Il Chianti è il vino simbolo della nostra zona e della Toscana in generale. Suscita amore e odio, gioiello della corona per alcuni produttori, male necessario per altri, anche a causa di un mercato a volte poco ricettivo nei suoi confronti e di un disciplinare che a poco a poco ne ha imbarbarito la natura. Tutti lo conoscono comunque, anche chi si concede un bicchiere di vino solo ogni tanto, ed è per questo che normalmente non ne scrivo nei miei appunti di degustazione, a meno che ovviamente non mi colpisca in modo particolare come in questo caso.
Single variety e single vineyard (e già per questo affascinante) il Chianti Riserva 1797 di Podere Ghisone è prodotto a partire da uve Sangiovese provenienti da un solo vigneto: poco più di mezzo ettaro, in località Gigliola a Montespertoli; viti di 20 anni, impiantate su suolo di natura prevalentemente argillosa esposto verso Est, allevate a cordone speronato.
Le uve, raccolte manualmente, sono sottoposte prima della fermentazione a macerazione a freddo, procedimento in cui le basse temperature favoriscono l’estrazione di sostanza colorante e componenti aromatiche dalle bucce. La fermentazione avviene poi in serbatoi in acciaio inox a temperatura controllata e al suo termine il vino ottenuto rimane per ulteriori 2-3 settimane in macerazione con le bucce per massimizzare da queste l’estrazione di tannini e antociani, fondamentali per la stabilità del colore, la struttura e la longevità del vino stesso.

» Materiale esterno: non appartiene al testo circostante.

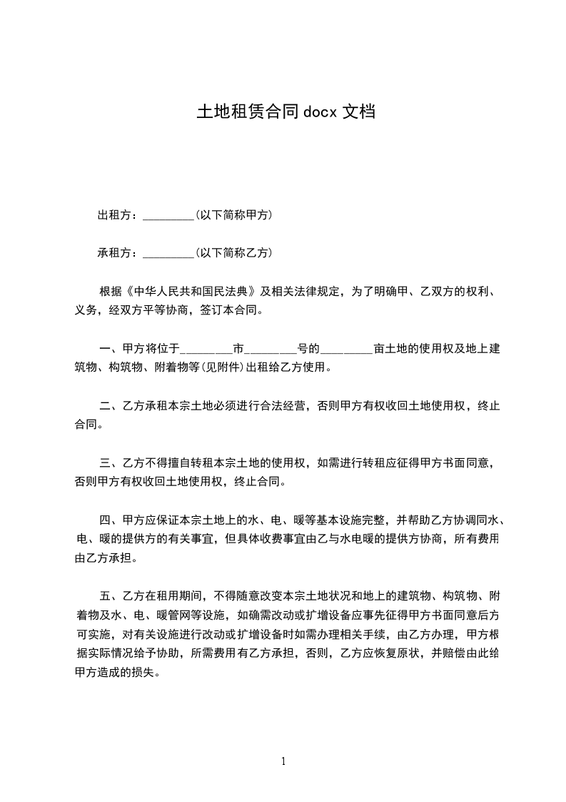 一、甲方将位于_________市_________号的_________亩土地的使用权及地上建筑物、构筑物、附着物等(见附件)出租给乙方使用。
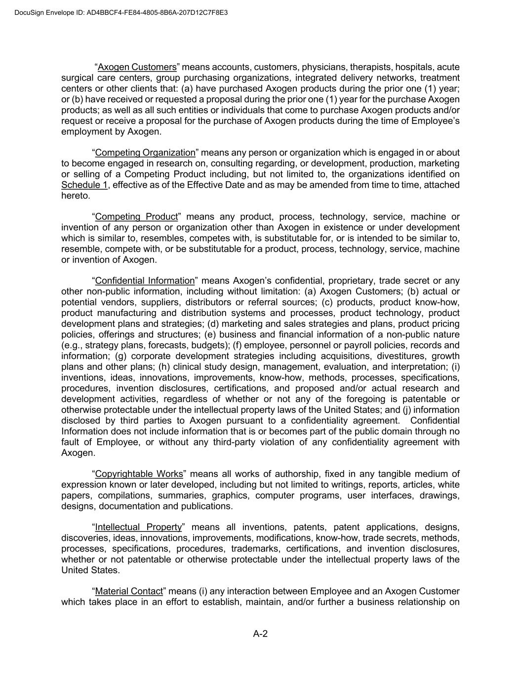 A-2 “Axogen Customers” means accounts, customers, physicians, therapists, hospitals, acute surgical care centers, group purchasing organizations, integrated delivery networks, treatment centers or other clients that: (a) have purchased Axogen products during the prior one (1) year; or (b) have received or requested a proposal during the prior one (1) year for the purchase Axogen products; as well as all such entities or individuals that come to purchase Axogen products and/or request or receive a proposal for the purchase of Axogen products during the time of Employee’s employment by Axogen. “Competing Organization” means any person or organization which is engaged in or about to become engaged in research on, consulting regarding, or development, production, marketing or selling of a Competing Product including, but not limited to, the organizations identified on Schedule 1, effective as of the Effective Date and as may be amended from time to time, attached hereto. “Competing Product” means any product, process, technology, service, machine or invention of any person or organization other than Axogen in existence or under development which is similar to, resembles, competes with, is substitutable for, or is intended to be similar to, resemble, compete with, or be substitutable for a product, process, technology, service, machine or invention of Axogen. “Confidential Information” means Axogen’s confidential, proprietary, trade secret or any other non-public information, including without limitation: (a) Axogen Customers; (b) actual or potential vendors, suppliers, distributors or referral sources; (c) products, product know-how, product manufacturing and distribution systems and processes, product technology, product development plans and strategies; (d) marketing and sales strategies and plans, product pricing policies, offerings and structures; (e) business and financial information of a non-public nature (e.g., strategy plans, forecasts, budgets); (f) employee, personnel or payroll policies, records and information; (g) corporate development strategies including acquisitions, divestitures, growth plans and other plans; (h) clinical study design, management, evaluation, and interpretation; (i) inventions, ideas, innovations, improvements, know-how, methods, processes, specifications, procedures, invention disclosures, certifications, and proposed and/or actual research and development activities, regardless of whether or not any of the foregoing is patentable or otherwise protectable under the intellectual property laws of the United States; and (j) information disclosed by third parties to Axogen pursuant to a confidentiality agreement. Confidential Information does not include information that is or becomes part of the public domain through no fault of Employee, or without any third-party violation of any confidentiality agreement with Axogen. “Copyrightable Works” means all works of authorship, fixed in any tangible medium of expression known or later developed, including but not limited to writings, reports, articles, white papers, compilations, summaries, graphics, computer programs, user interfaces, drawings, designs, documentation and publications. “Intellectual Property” means all inventions, patents, patent applications, designs, discoveries, ideas, innovations, improvements, modifications, know-how, trade secrets, methods, processes, specifications, procedures, trademarks, certifications, and invention disclosures, whether or not patentable or otherwise protectable under the intellectual property laws of the United States. “Material Contact” means (i) any interaction between Employee and an Axogen Customer which takes place in an effort to establish, maintain, and/or further a business relationship on DocuSign Envelope ID: AD4BBCF4-FE84-4805-8B6A-207D12C7F8E3

Alla svinatura il vino è trasferito in tini di cemento, dove svolge la fermentazione malolattica, e successivamente in tonneaux, recipienti in rovere da 5 hl, in cui affina per 18 mesi. A seguito dell’imbottigliamento il Chianti Riserva riposa in bottiglia per un periodo di almeno sei mesi. E’ in quest’ultima e fondamentale fase, che può durare anche molti anni, che il vino matura e raggiunge il suo massimo potenziale organolettico.
Il Chianti Riserva 1797 viene prodotto solo in annate particolarmente favorevoli, ed io assaggio insieme a Luca la 2015, attualmente sul mercato ed ultima prodotta. Il colore è rubino intenso e, inizialmente timido all’olfatto, sprigiona con il passare dei secondi un bouquet sempre più particolareggiato e intenso, fatto di sentori delicati di viola selvatica e profumi dolci, scuri, di mora, mirtillo, ribes nero, prugna, amarena uniti a note avvolgenti di sottobosco, erbe aromatiche, tabacco tostato.
In bocca è pieno e caldo, con una fitta trama di tannini che, sebbene ancora non completamente maturi, donano struttura e complessità. Il finale è lunghissimo e lascia in bocca una generale sensazione di dolcezza, accentuata dagli intensi aromi di frutti di bosco percepiti nel retronaso.
Il Sangiovese è un vitigno lunatico, dal carattere a volte suadente, a volte ruvido e scontroso, e saperlo interpretare rappresenta spesso una sfida per i produttori. Per questo viene spesso vinificato insieme ad altre varietà complementari, e per questo, quando mi trovo di fronte ad un Sangiovese che riesce ad esprimere al meglio le sue qualità, ne vengo conquistato.
Il Chianti Riserva 1797, così chiamato in omaggio alla lunga storia che lega la famiglia Nesi a Ghisone, mi ha stupito perché è un Sangiovese riconoscibile, sincero, senza infiocchettamenti, le cui caratteristiche varietali sono esaltate dall’affinamento in legno e in bottiglia. Ha personalità da vendere e, seppure già pronto per essere gustato, dimostra ancora un notevole potenziale di invecchiamento. E’ come una giovane stella dello sport, con davanti un futuro radioso, ma che già regala lampi di pura classe.